**Goal of the exercise**
No images, please. Copy each entry below exactly as it reads.

** Opening Data under study block **

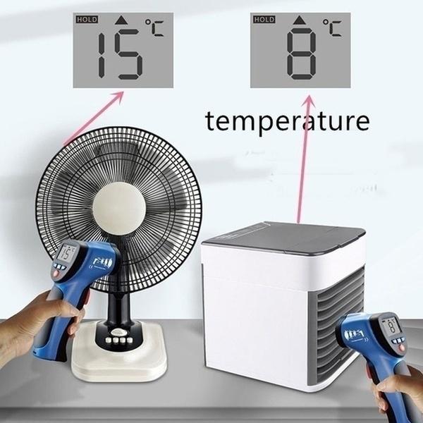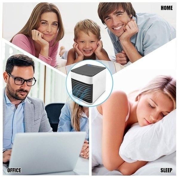 Acest produs este un mini-aparatul de aer conditionat care este un dispozitiv perfect in zilele caniculare de acasa sau la serviciu. Acest dispozitiv mic este capabil sa reduca semnificativ temperatura din camera. Datorita dimensiunilor reduse, pot fi asezate pe un birou, dulap sau masa. Aparatul de aer conditionat este echipat cu o lumina de fundal care straluceste in culori schimbatoare.
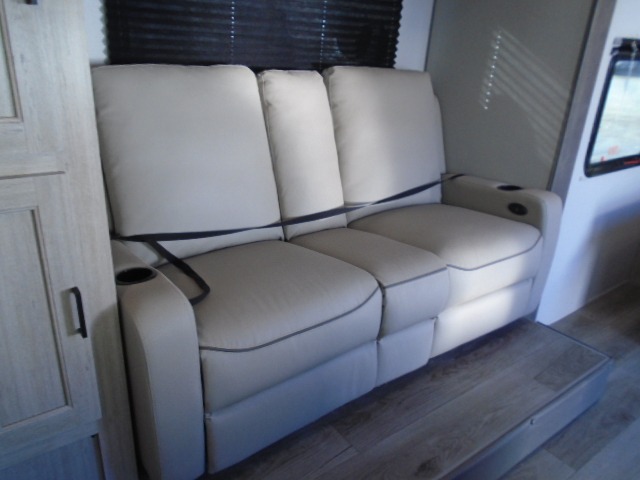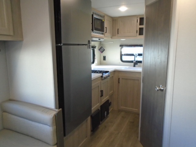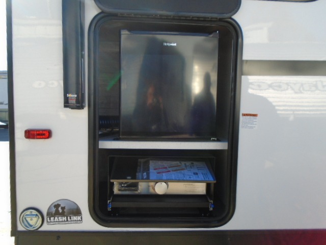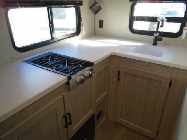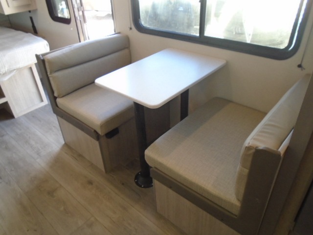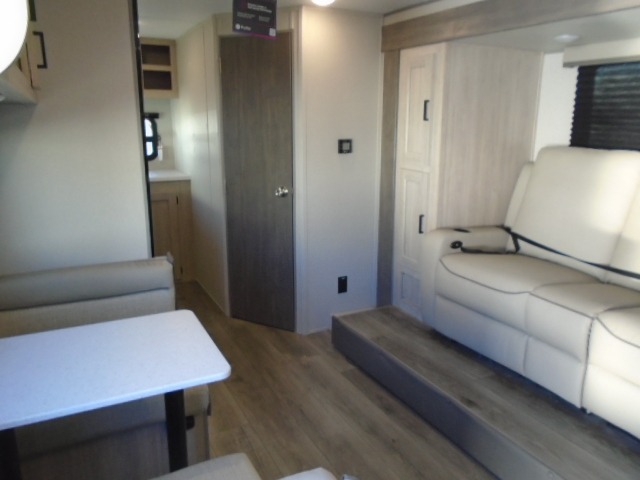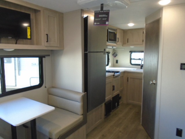 You will love how conventional this travel trailer is! If you want to travel for just a weekend or even more, you won't have to worry since you have all the amenities you need. This model has a queen bed with dual end wardrobes for some extra storage so you can neatly store your clothes. There is also a slide with theater seating, and a booth dinette to enjoy your favorite breakfast. A rear corner kitchen features everything you need to cook indoors, or you can head outside to use the outdoor Camper Kitchen with mini fridge and griddle. A rear corner bath features a 24" x 32" shower, toilet and sink. Outside, you'll find a 17' power awning with multicolor LED lights and exterior storage for camp gear.
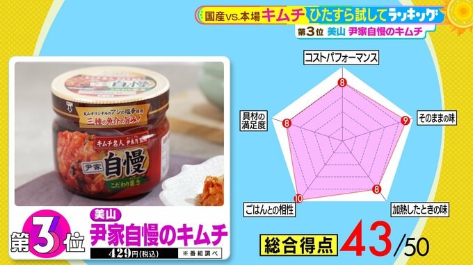 第3位は、美山の『尹家自慢のキムチ』(税込429円 ※番組調べ)。
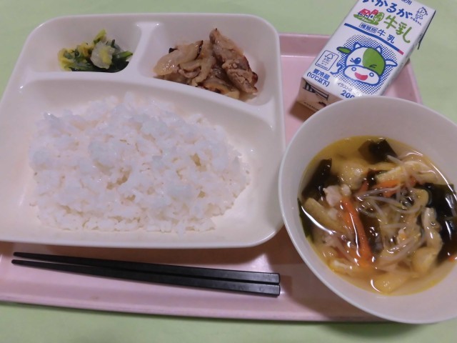 ・豚肉のスタミナ焼き ・五目汁 ・きくなとはくさいのおひたし ・ごはん ・牛乳  です。
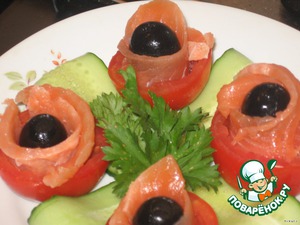 Нужны небольшие помидорчики (немного больше черри). Аккуратно срезать верхушку, ложечкой вынять мякоть, немного соли, перца, капелька оливкового масла. Маслинку или оливку закручиваем в тонкий ломтик красной рыбы (соленой или подкопченной), вставляем в помидорчик (по желанию можно добавить немного майонеза в помидор, но и без него очень вкусно, и ничего не течет. Украсить зеленью, огурчиком. Такая закусочка просто исчезает со стола. -

** Closing Data under study block **

**Written response**
 Acest produs este un mini-aparatul de aer conditionat care este un dispozitiv perfect in zilele caniculare de acasa sau la serviciu. Acest dispozitiv mic este capabil sa reduca semnificativ temperatura din camera. Datorita dimensiunilor reduse, pot fi asezate pe un birou, dulap sau masa. Aparatul de aer conditionat este echipat cu o lumina de fundal care straluceste in culori schimbatoare.
 You will love how conventional this travel trailer is! If you want to travel for just a weekend or even more, you won't have to worry since you have all the amenities you need. This model has a queen bed with dual end wardrobes for some extra storage so you can neatly store your clothes. There is also a slide with theater seating, and a booth dinette to enjoy your favorite breakfast. A rear corner kitchen features everything you need to cook indoors, or you can head outside to use the outdoor Camper Kitchen with mini fridge and griddle. A rear corner bath features a 24" x 32" shower, toilet and sink. Outside, you'll find a 17' power awning with multicolor LED lights and exterior storage for camp gear.
 第3位は、美山の『尹家自慢のキムチ』(税込429円 ※番組調べ)。
 ・豚肉のスタミナ焼き ・五目汁 ・きくなとはくさいのおひたし ・ごはん ・牛乳  です。
 Нужны небольшие помидорчики (немного больше черри). Аккуратно срезать верхушку, ложечкой вынять мякоть, немного соли, перца, капелька оливкового масла. Маслинку или оливку закручиваем в тонкий ломтик красной рыбы (соленой или подкопченной), вставляем в помидорчик (по желанию можно добавить немного майонеза в помидор, но и без него очень вкусно, и ничего не течет. Украсить зеленью, огурчиком. Такая закусочка просто исчезает со стола. -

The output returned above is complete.